[Work task]
Give back each line of the data exactly as it reads, minus the pictures.

(Excerpted records)

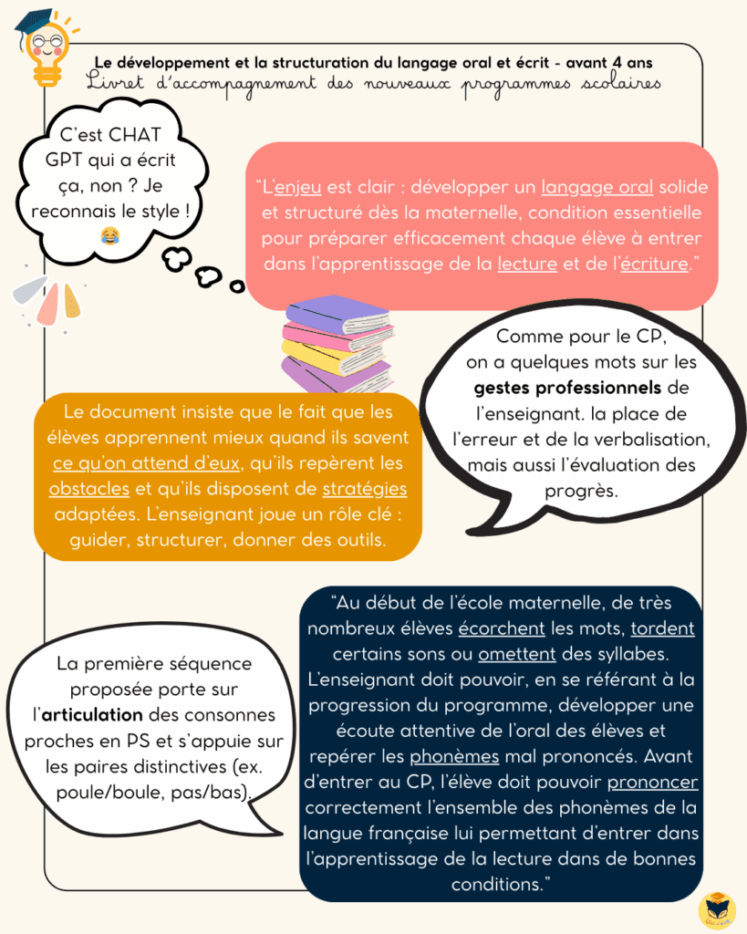 Le ministère a récemment publié un livret d’accompagnement pour la mise en œuvre des nouveaux programmes 2024 en maternelle. Ce document, destiné à guider les enseignants, met particulièrement l’accent sur le développement et la structuration du langage oral et écrit dès la petite section. On y retrouve des exemples de séquences et de séances plus détaillées, dans la même lignée que le livret d’accompagnement pour le CP.
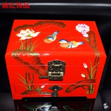 姚红饰品21厘米三层结婚礼品木质漆器鸳鸯首饰收纳盒平遥漆器礼品
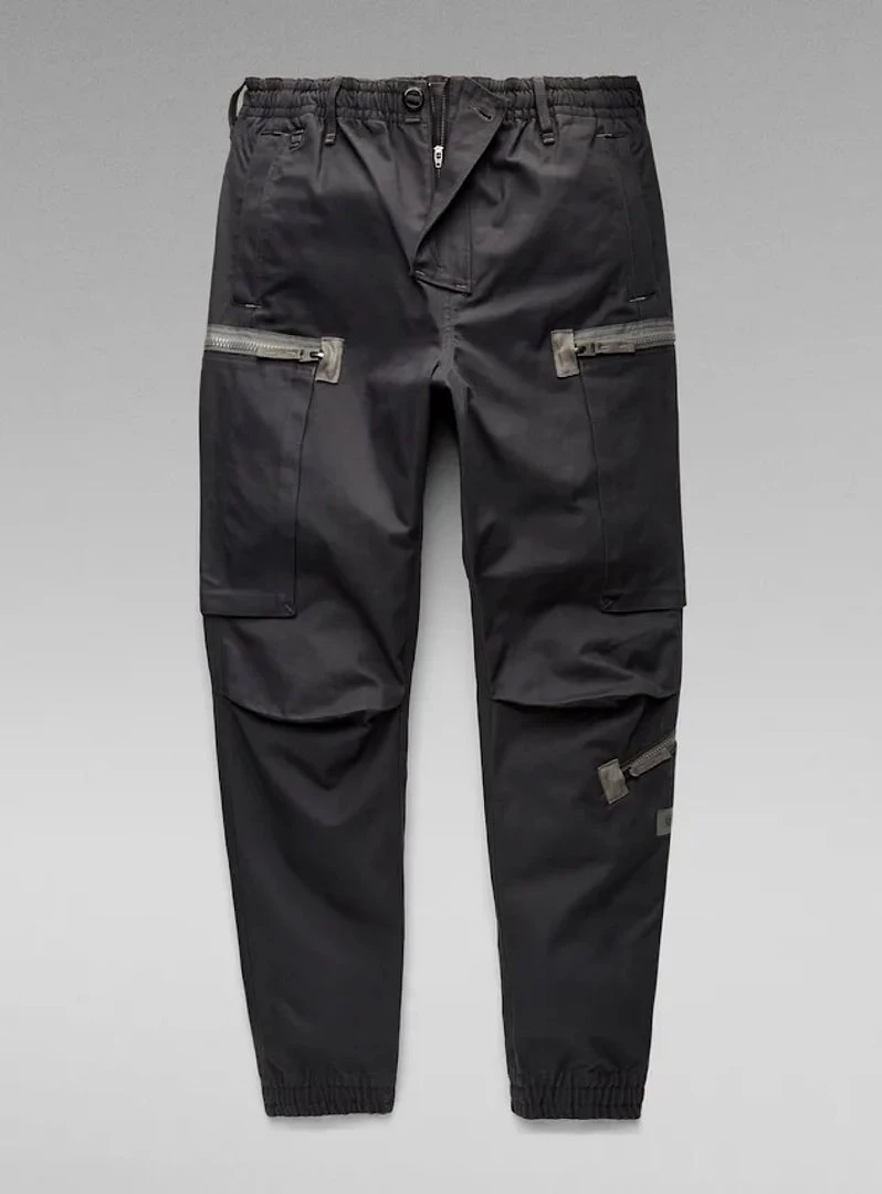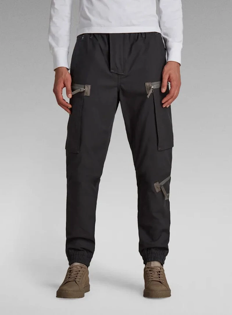 These skinny cargo pants Zip Pocket 3D are shaped by precisely placed seams. Woven tape, applied at the entrance of the front pockets, offers reinforcement. The thigh pockets have a roomy cut, designed with a hidden zipper closure along the sides. The back pockets with a flap and button closure, give the final touch to this tailored piece.
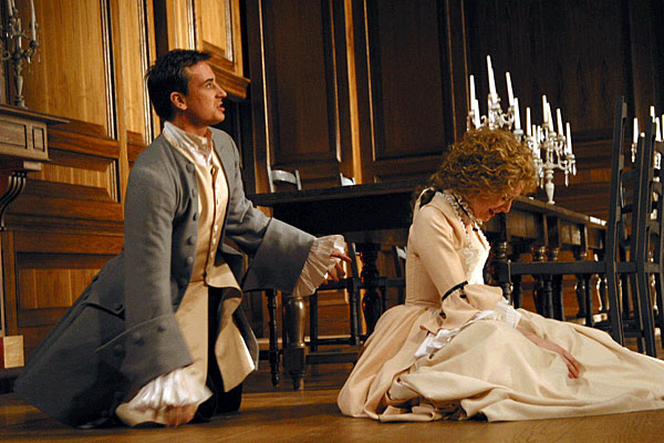 И таких подчеркнуто вставных номеров немало в спектакле. В откровенно буффонадной манере играет Клеанта, возлюбленного Анжелики, признанный Чацкий Малого театра Глеб Подгородинский. Поначалу актера и не узнаешь, Клеант столь окарикатурен и шаржирован, что в какой-то момент думаешь: перебор, но потом понимаешь, что постановщик и исполнитель сполна прониклись авторским мироощущением и услышали - сквозь пласты веков - смех самого г-на Мольера, задорный и едкий.
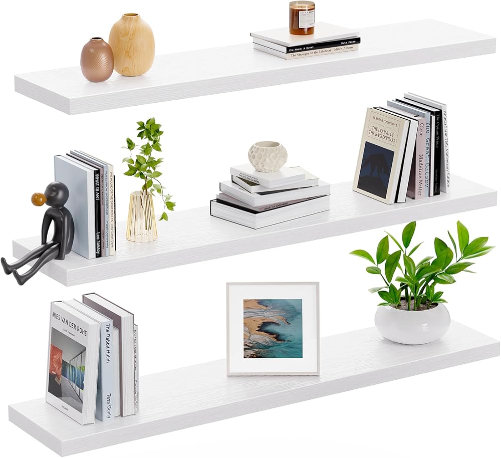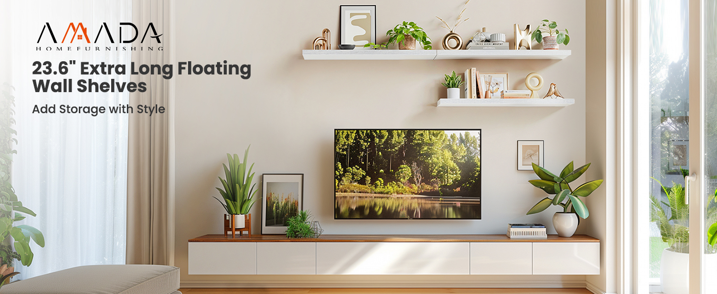 AMADA HOMEFURNISHING 23.6" L Floating Shelves, Wall Shelves Set of 3 for Bathroom/Living Room/Bedroom/Kitchen, White Floating Shelves for Wall Decor with Invisible Brackets - AMFS44W
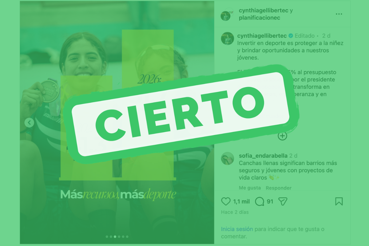Dos piezas de comunicación oficial difundidas en redes atribuyen a la Proforma General del Estado un incremento del 25% en el presupuesto destinado al deporte: de USD 41,3 millones (2025) a USD 51,7 millones (2026). Con los datos entregados para esta verificación, la operación es correcta y el aumento interanual equivale a USD 10,4 millones. Sin embargo, el mensaje omite que en años previos el presupuesto codificado del sector fue mayor (USD 62,1 millones en 2022 y USD 73,7 millones en 2023), por lo que el “más recursos” funciona como comparación contra una base baja reciente (2025) y no como un máximo histórico del financiamiento deportivo.
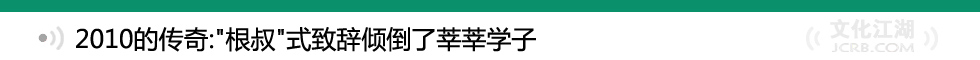 “根叔”是2010年的一個傳奇。作為華中科技大學校長,李培根因為一篇名為《記憶》的畢業(yè)致辭火了。因為這篇致辭,他被親昵地稱為“根叔”;在致辭里,他串聯(lián)了許多網(wǎng)絡潮語,“媽媽喊你回家吃飯”、“什么是母校?就是那個你一天罵他八遍卻不許別人罵的地方”;他說,“未來有一天,或許當年的記憶會讓你們問自己,曾經(jīng)是姐的娛樂,還是哥的寂寞?” ?【詳細
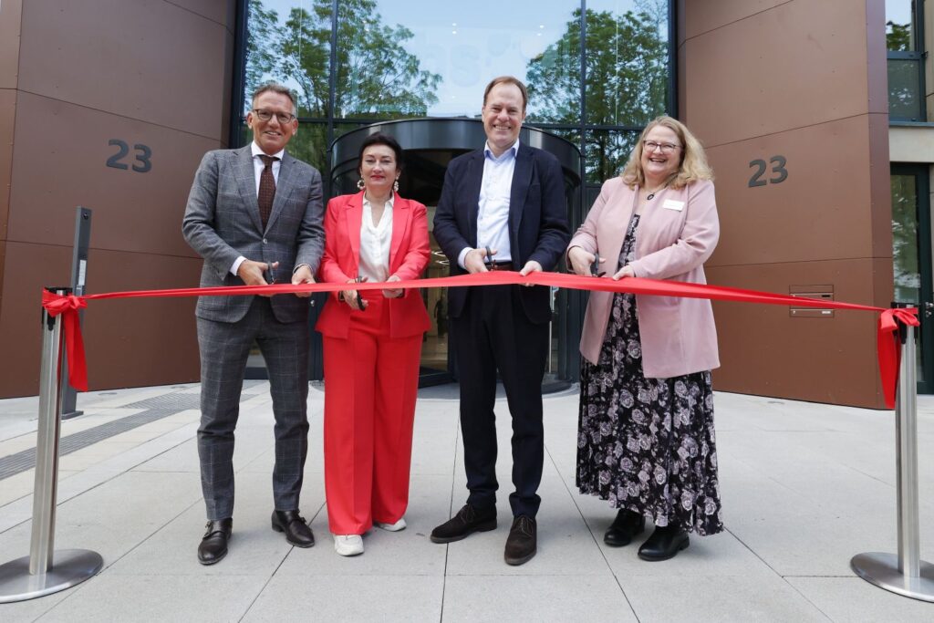 (v.l.) Ulrich Höller (Geschäftsführung ABG Real Estate Group), Miriam Koch, Oberbürgermeister Dr. Stephan Keller und die Leiterin der VHS Simone Bruns, eröffneten zusammen das “Yorcks”, Foto: Stadt Düsseldorf, David Young
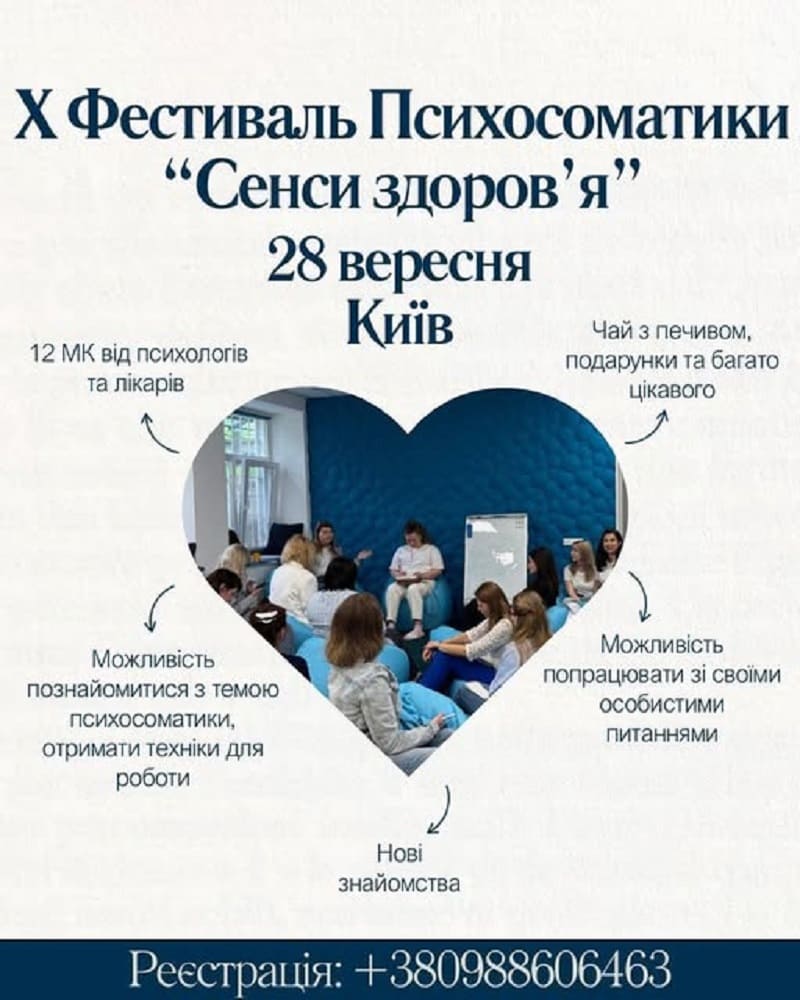 Міжнародна асоціація психосоматики та тілесної терапії організовує фестиваль для всіх, хто хоче глибше розібратися у зв'язках тіла та психіки. Місія події — показати, наскільки пов'язані переживання, думки та настанови зі здоров'ям.
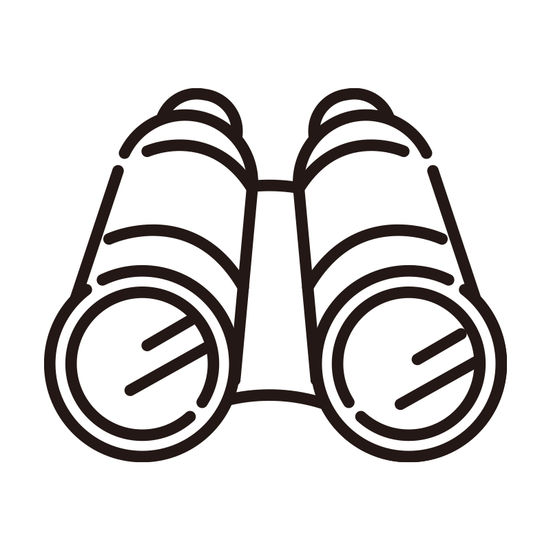 アウトドアやバードウォッチング、スポーツ観戦などのシーンで活躍する双眼鏡のシンプルな線画イラストです。アイコンとしても使いやすい太めのラインで構成されており、キャンプや旅行のしおり、探検をテーマにしたデザインに最適です。

(End Excerpted records)

[Reply]
 Le ministère a récemment publié un livret d’accompagnement pour la mise en œuvre des nouveaux programmes 2024 en maternelle. Ce document, destiné à guider les enseignants, met particulièrement l’accent sur le développement et la structuration du langage oral et écrit dès la petite section. On y retrouve des exemples de séquences et de séances plus détaillées, dans la même lignée que le livret d’accompagnement pour le CP.
 姚红饰品21厘米三层结婚礼品木质漆器鸳鸯首饰收纳盒平遥漆器礼品
 These skinny cargo pants Zip Pocket 3D are shaped by precisely placed seams. Woven tape, applied at the entrance of the front pockets, offers reinforcement. The thigh pockets have a roomy cut, designed with a hidden zipper closure along the sides. The back pockets with a flap and button closure, give the final touch to this tailored piece.
 И таких подчеркнуто вставных номеров немало в спектакле. В откровенно буффонадной манере играет Клеанта, возлюбленного Анжелики, признанный Чацкий Малого театра Глеб Подгородинский. Поначалу актера и не узнаешь, Клеант столь окарикатурен и шаржирован, что в какой-то момент думаешь: перебор, но потом понимаешь, что постановщик и исполнитель сполна прониклись авторским мироощущением и услышали - сквозь пласты веков - смех самого г-на Мольера, задорный и едкий.
 AMADA HOMEFURNISHING 23.6" L Floating Shelves, Wall Shelves Set of 3 for Bathroom/Living Room/Bedroom/Kitchen, White Floating Shelves for Wall Decor with Invisible Brackets - AMFS44W
Dos piezas de comunicación oficial difundidas en redes atribuyen a la Proforma General del Estado un incremento del 25% en el presupuesto destinado al deporte: de USD 41,3 millones (2025) a USD 51,7 millones (2026). Con los datos entregados para esta verificación, la operación es correcta y el aumento interanual equivale a USD 10,4 millones. Sin embargo, el mensaje omite que en años previos el presupuesto codificado del sector fue mayor (USD 62,1 millones en 2022 y USD 73,7 millones en 2023), por lo que el “más recursos” funciona como comparación contra una base baja reciente (2025) y no como un máximo histórico del financiamiento deportivo.
 “根叔”是2010年的一個傳奇。作為華中科技大學校長,李培根因為一篇名為《記憶》的畢業(yè)致辭火了。因為這篇致辭,他被親昵地稱為“根叔”;在致辭里,他串聯(lián)了許多網(wǎng)絡潮語,“媽媽喊你回家吃飯”、“什么是母校?就是那個你一天罵他八遍卻不許別人罵的地方”;他說,“未來有一天,或許當年的記憶會讓你們問自己,曾經(jīng)是姐的娛樂,還是哥的寂寞?” ?【詳細
 (v.l.) Ulrich Höller (Geschäftsführung ABG Real Estate Group), Miriam Koch, Oberbürgermeister Dr. Stephan Keller und die Leiterin der VHS Simone Bruns, eröffneten zusammen das “Yorcks”, Foto: Stadt Düsseldorf, David Young
 Міжнародна асоціація психосоматики та тілесної терапії організовує фестиваль для всіх, хто хоче глибше розібратися у зв'язках тіла та психіки. Місія події — показати, наскільки пов'язані переживання, думки та настанови зі здоров'ям.
 アウトドアやバードウォッチング、スポーツ観戦などのシーンで活躍する双眼鏡のシンプルな線画イラストです。アイコンとしても使いやすい太めのラインで構成されており、キャンプや旅行のしおり、探検をテーマにしたデザインに最適です。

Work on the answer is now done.